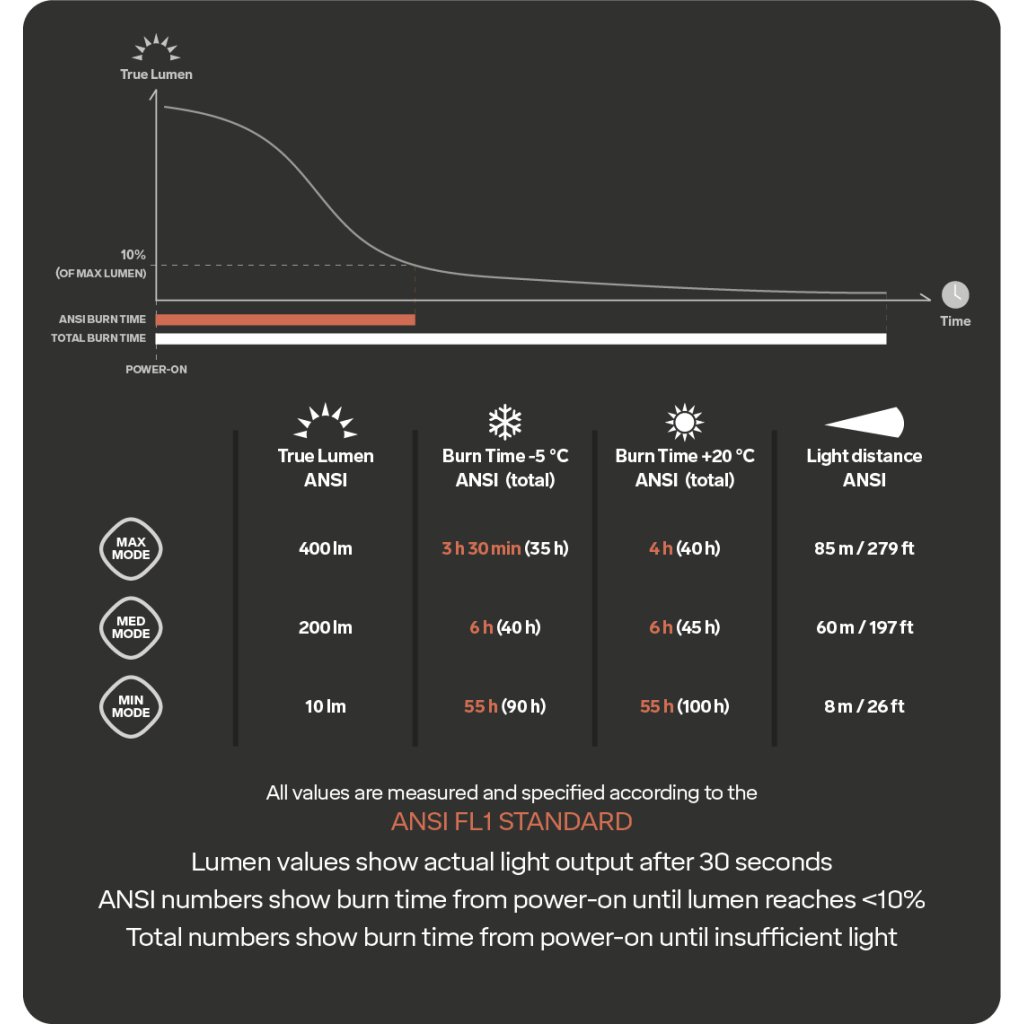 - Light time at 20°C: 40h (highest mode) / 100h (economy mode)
===============
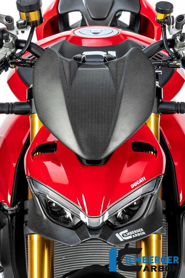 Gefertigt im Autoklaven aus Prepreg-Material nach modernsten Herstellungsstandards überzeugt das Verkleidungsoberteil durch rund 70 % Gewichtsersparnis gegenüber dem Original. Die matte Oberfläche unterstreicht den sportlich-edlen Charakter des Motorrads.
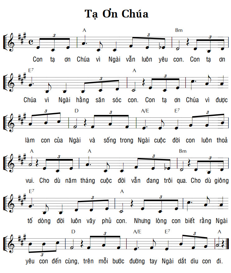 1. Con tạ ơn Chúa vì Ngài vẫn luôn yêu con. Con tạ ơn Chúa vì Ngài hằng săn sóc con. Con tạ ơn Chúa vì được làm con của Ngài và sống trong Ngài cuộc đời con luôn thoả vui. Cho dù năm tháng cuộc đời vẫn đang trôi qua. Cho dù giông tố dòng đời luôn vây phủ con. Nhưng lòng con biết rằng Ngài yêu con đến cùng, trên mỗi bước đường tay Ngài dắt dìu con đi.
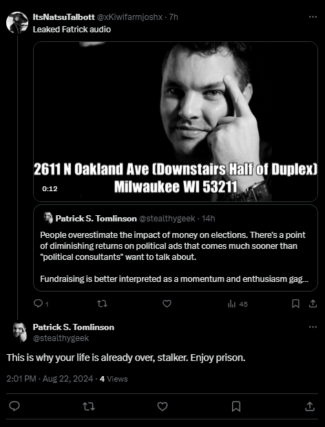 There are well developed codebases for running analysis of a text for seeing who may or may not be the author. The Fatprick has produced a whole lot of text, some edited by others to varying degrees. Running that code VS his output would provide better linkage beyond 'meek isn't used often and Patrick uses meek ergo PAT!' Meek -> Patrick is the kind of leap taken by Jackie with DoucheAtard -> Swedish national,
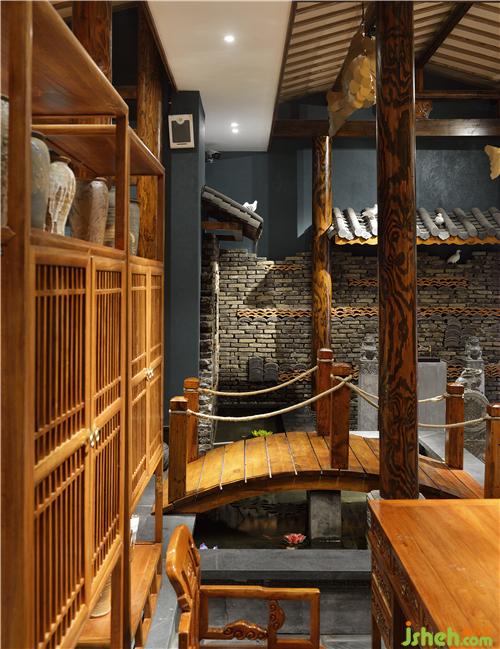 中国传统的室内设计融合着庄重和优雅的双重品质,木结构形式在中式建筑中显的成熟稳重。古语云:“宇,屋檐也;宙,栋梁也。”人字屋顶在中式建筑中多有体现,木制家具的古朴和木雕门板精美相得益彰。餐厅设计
===============
WHAT NEEDS TO BE DONE: Working from the entries above, please transcribe only the lines from the line with "Gefertigt im Autoklaven" through the line with "中国传统的室内设计融合着庄重", exactly, with both end lines and without pictures.

WRITTEN SOLUTION:
 Gefertigt im Autoklaven aus Prepreg-Material nach modernsten Herstellungsstandards überzeugt das Verkleidungsoberteil durch rund 70 % Gewichtsersparnis gegenüber dem Original. Die matte Oberfläche unterstreicht den sportlich-edlen Charakter des Motorrads.
 1. Con tạ ơn Chúa vì Ngài vẫn luôn yêu con. Con tạ ơn Chúa vì Ngài hằng săn sóc con. Con tạ ơn Chúa vì được làm con của Ngài và sống trong Ngài cuộc đời con luôn thoả vui. Cho dù năm tháng cuộc đời vẫn đang trôi qua. Cho dù giông tố dòng đời luôn vây phủ con. Nhưng lòng con biết rằng Ngài yêu con đến cùng, trên mỗi bước đường tay Ngài dắt dìu con đi.
 There are well developed codebases for running analysis of a text for seeing who may or may not be the author. The Fatprick has produced a whole lot of text, some edited by others to varying degrees. Running that code VS his output would provide better linkage beyond 'meek isn't used often and Patrick uses meek ergo PAT!' Meek -> Patrick is the kind of leap taken by Jackie with DoucheAtard -> Swedish national,
 中国传统的室内设计融合着庄重和优雅的双重品质,木结构形式在中式建筑中显的成熟稳重。古语云:“宇,屋檐也;宙,栋梁也。”人字屋顶在中式建筑中多有体现,木制家具的古朴和木雕门板精美相得益彰。餐厅设计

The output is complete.